Approximately 46% of marketers in the b-to-b space today indicated that they were less than moderately involved with social media as an advertising or promotional tool. Conversely, 54% of the Social Media 577 are moderately or heavily involved with one or more of the social media platforms mentioned above. Seventy-two percent of business-to-business marketers cited that LinkedIn was the most important social site they have used to communicate on a b-to-b level. However, they also felt that Facebook (71%) and Twitter (67%), by virtue of their size, were highly important in getting corporate messages across. Other b-to-b social media methods mentioned include: YouTube (48%), blogging (44%), customer community (22%), Flickr (11%), Digg (8%), Stumbleupon (5%) and Tumblr (3%).

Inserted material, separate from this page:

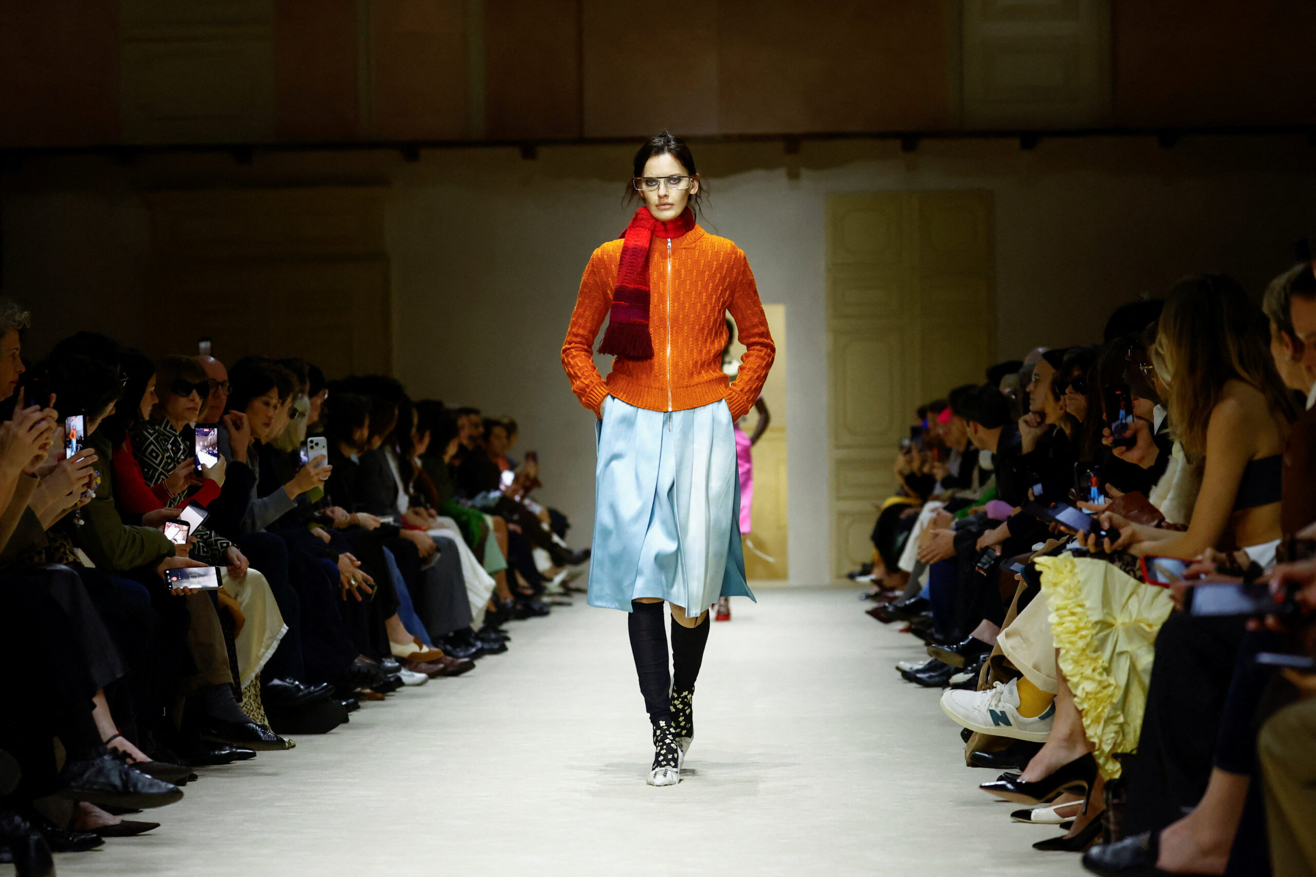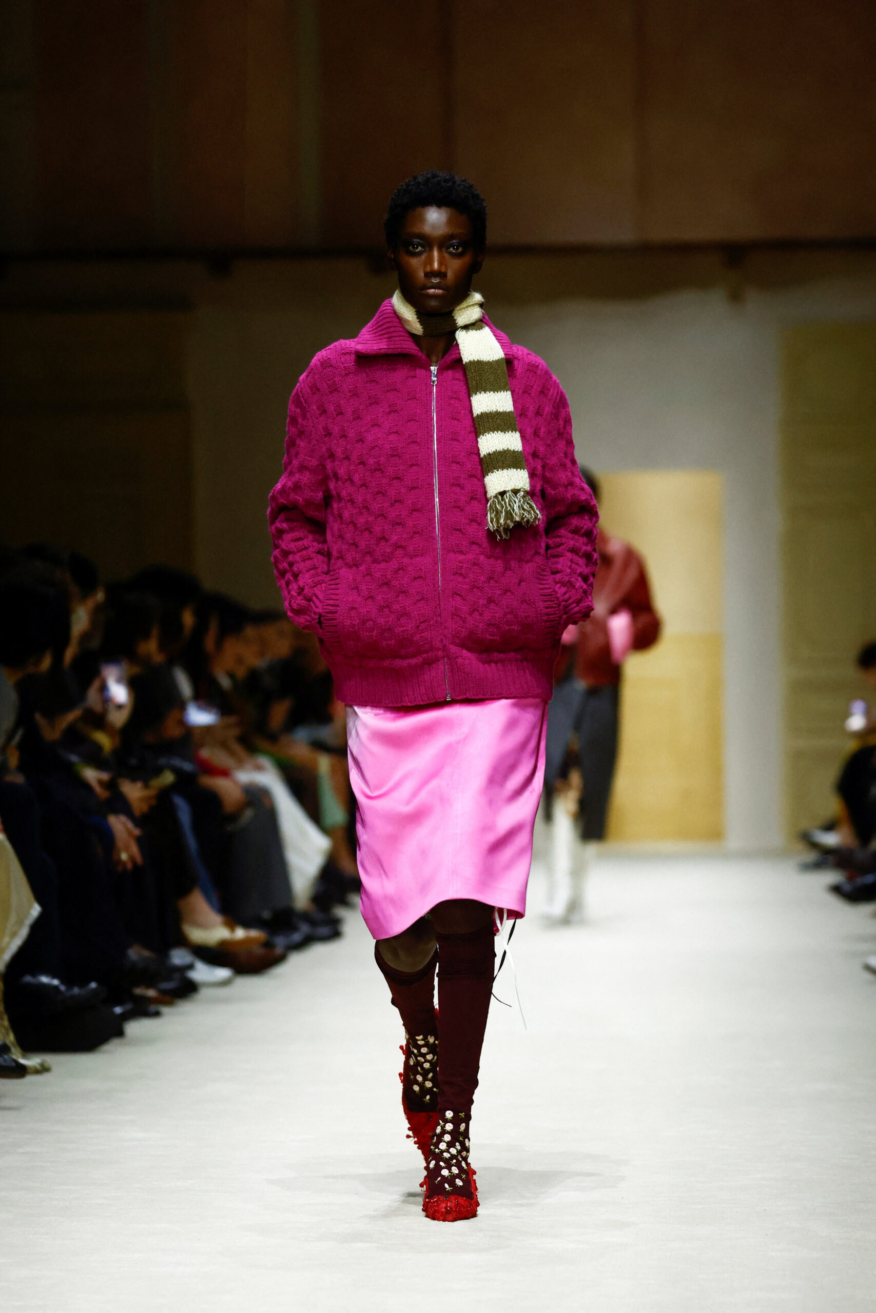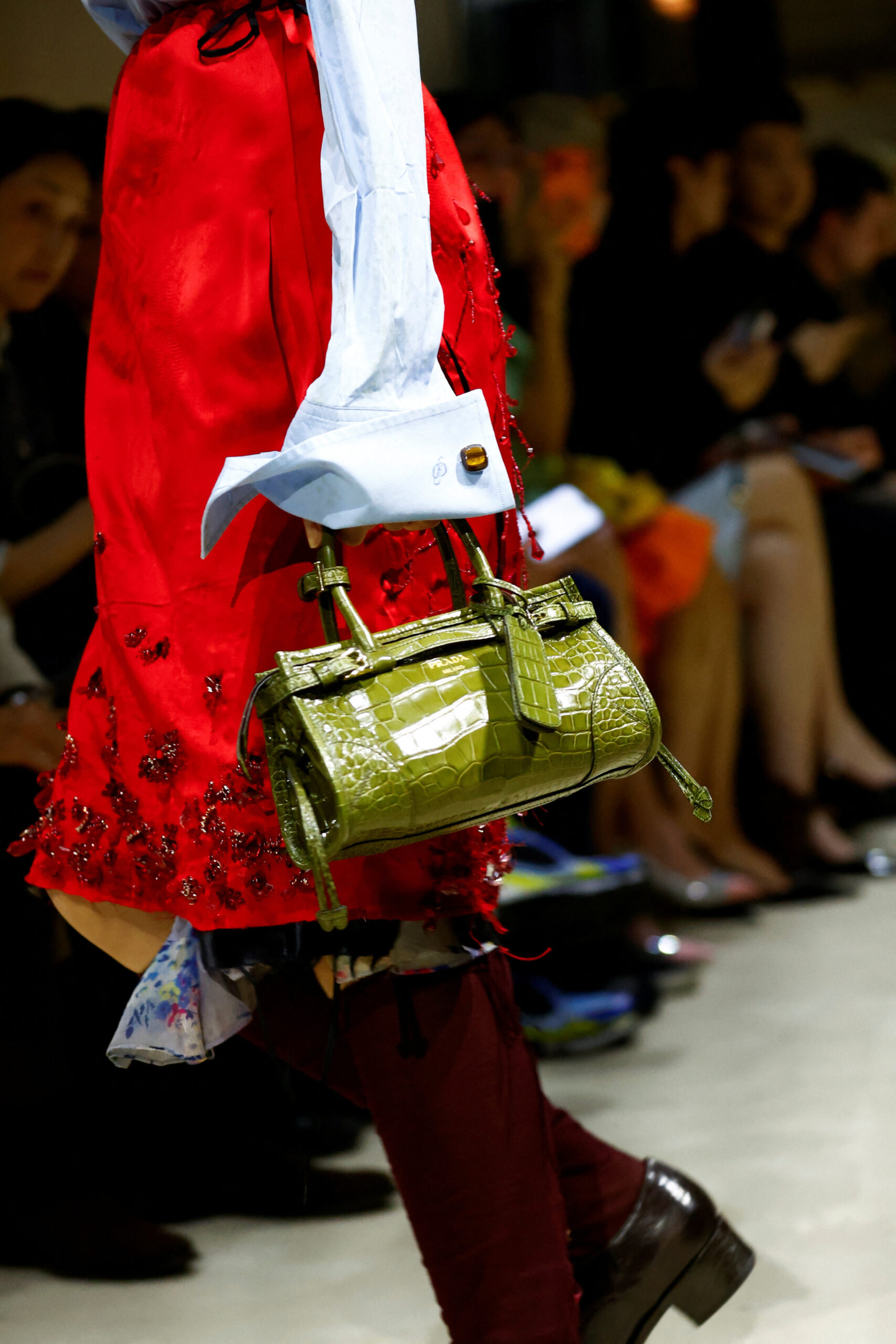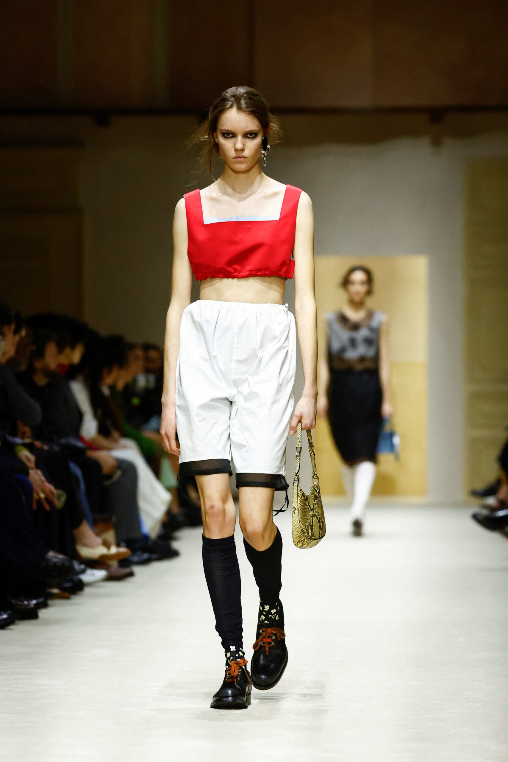 Τα looks ξεκινούσαν πιο καθαρά και φωτεινά, με βασικά κομμάτια που έδιναν έμφαση στην πρακτικότητα. Σταδιακά, εμπλουτίζονταν με υφές, κεντήματα και διαφάνειες, αποκτώντας μεγαλύτερη ένταση και χαρακτήρα, μέχρι να καταλήξουν σε πιο εκφραστικές και elegant εκδοχές για το βράδυ. Στοιχεία όπως κάλτσες, πλεκτές μανσέτες, βερμούδες, embellished tops και έντονα χρώματα δημιουργούσαν μια boudoir αισθητική, αποδοσμένη όμως με τον απόλυτα σύγχρονο και πολυτελή τρόπο της Prada.

Those who have implemented social media campaigns have used one or more of the platforms mentioned above for approximately 20 months on average. Primary uses to-date include: product or event promotion, branding and/or generating website traffic. Marketers experimenting in this arena generally have not measured the success of social media campaigns relative to return-on-investment. Rather, performance has typically been gauged by using website traffic as the metric of choice.
When questioned regarding the obstacles to adoption of social channels, 70% of marketers cited lack of resources necessary to implement social media campaigns. Inadequately defined success metrics and KPIs were identified by 57% of those interviewed, while lack of knowledge about social media was mentioned by 44%. Other lesser obstacles include: management resistance, confidentiality, legal and regulatory issues and company policies prohibiting use of social media.
Social media marketing programs tend to mirror those in general media marketing in that they tend to be cross-platform. For example, a typical campaign may use LinkedIn, Twitter, Facebook and selected blogs in a synergistic manner. LinkedIn might be used to generate leads and website traffic. Twitter may be used for short and concise marketing promotions, to generate social buzz or to identify who might be talking about you. Facebook might be used for branding and event promotions while selected blogs may be used for search engine optimization, business and/or ideology-related written content.
The state of social media marketing today is decidedly cross-channel. Marketing information and event promotions are generally distributed across multiple social media vehicles such as LinkedIn, Twitter, Facebook, YouTube and others. Nevertheless, marketers considering the use of social media for messaging purposes are highly advised to first develop a concise social media marketing strategy prior to taking the plunge and implementing a campaign.